» **EXERCISE PROMPT**:
In the records below, the line with "1989年8月,易淑媛老人(后中)与家人在烈士公园合影。" opens the range and the line with "3. 喜校专送基于高德地图可为骑手提供最优配送路线,保障配送时效。" closes it; print that range exactly and nothing else.

*** DATA EXTRACT Section Begins ***

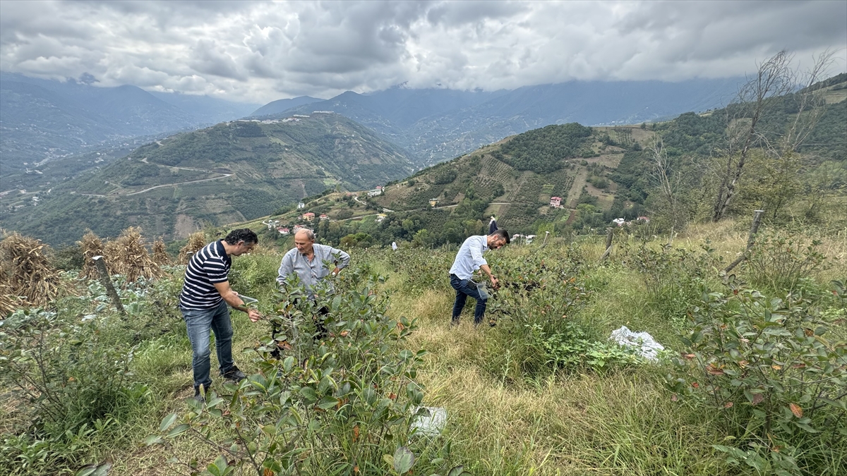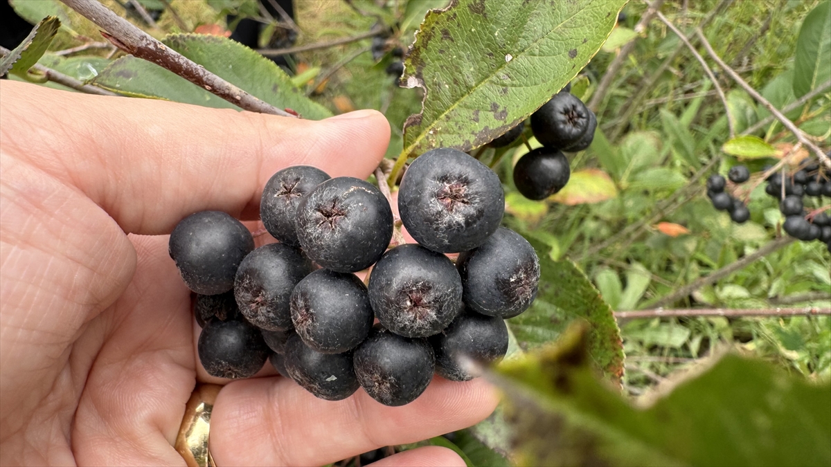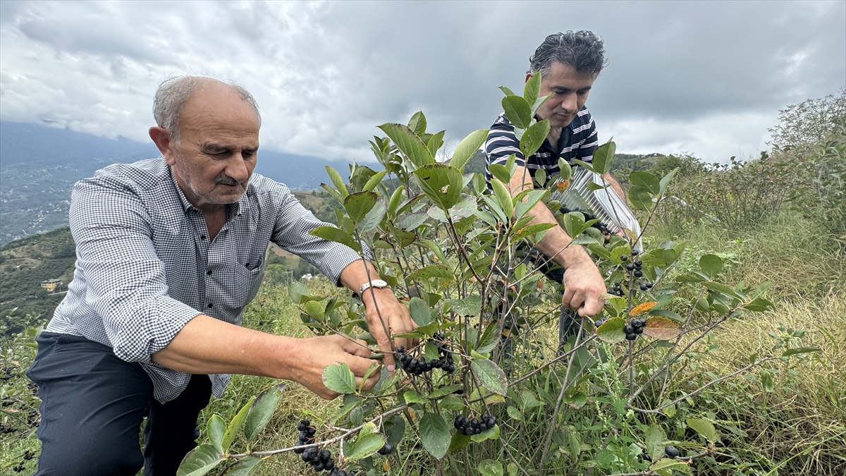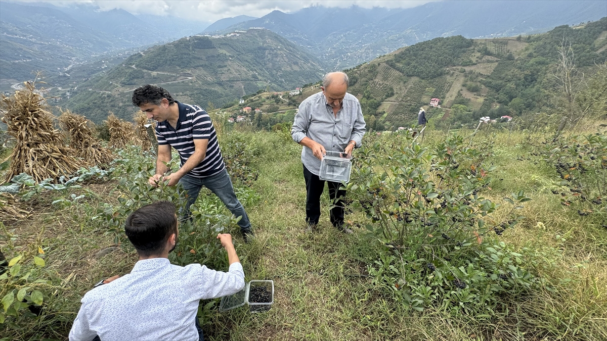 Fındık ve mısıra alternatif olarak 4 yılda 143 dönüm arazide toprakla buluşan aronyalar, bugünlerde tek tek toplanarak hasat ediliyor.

*** DATA EXTRACT Section Ends ***
*** DATA EXTRACT Section Begins ***

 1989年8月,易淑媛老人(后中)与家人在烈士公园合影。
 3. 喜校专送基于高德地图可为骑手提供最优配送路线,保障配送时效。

*** DATA EXTRACT Section Ends ***

» **WRITTEN SOLUTION**:
 1989年8月,易淑媛老人(后中)与家人在烈士公园合影。
 3. 喜校专送基于高德地图可为骑手提供最优配送路线,保障配送时效。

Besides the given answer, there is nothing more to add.